Charisma: Can Minds Be Opened?

The idea of a completely open mind is a misnomer. For a true open mind to exist, one must have a blank slate of experiences without any preconceived notions. As soon as a person begins to have experiences, she ceases to have an open mind, holding close to ideas and paradigms that help make sense of the world. Invariably, your value comes in creating a greater awareness whether it is accepted or not.

As pattern-seeking individuals, our paradigms help us make rapid sense of how the world operates, using these patterns to protect us physically and emotionally. Our experiences come through personal encounters or vicariously through others. As such, new information will do one of three things to a person's paradigm: 1. Transform or shift, 2. Expand, 3. Fall by the wayside. In transforming or shifting a paradigm, the individual has accepted a new pattern of thinking that supersedes a previous thought pattern. Depending on the malleability of the person's willingness to change, this transformation may be smooth or a tumultuous intrusion.

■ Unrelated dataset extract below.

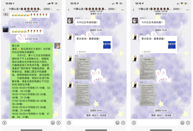 社區(qū)相關(guān)事宜的通知、社區(qū)新時(shí)代文明實(shí)踐站的相關(guān)活動(dòng)及困難補(bǔ)助名單的公示等,都會(huì)在這一平臺(tái)上告訴給居民們。如疫情防控以來,社區(qū)每輪的核酸檢測(cè)和疫苗的流動(dòng)核酸車接種時(shí)間安排,社區(qū)工作人員都會(huì)通過平臺(tái)讓居民能夠快速知曉。近期還推送了露天電影通知、南京市醫(yī)保信息平臺(tái)升級(jí)遷移工作等其他通知。

The new mode of thinking is antithetical to the previous thought pattern. The individual willingly chooses to change paradigm, because she has found greater protection with deeper awareness. Secondly, the individual will expand her paradigm by building on supplemental information that solidifies current modes of thinking. Semantically, this might be viewed as a transformation or shift, but in this view, the person is not releasing a viewpoint, but merely adding to the accepted belief system. This might be defined as experiencing a moment of clarity. Finally, information may fall by the wayside, because it has hit upon a mindset that either doesn't see the value or outright rejects the notion. The person doesn't get it or see the relevancy. The most important point to remember is that information is consistently filtered to occupy one of these spaces. You want your ideas to transform or expand, but hopefully never fall by the wayside.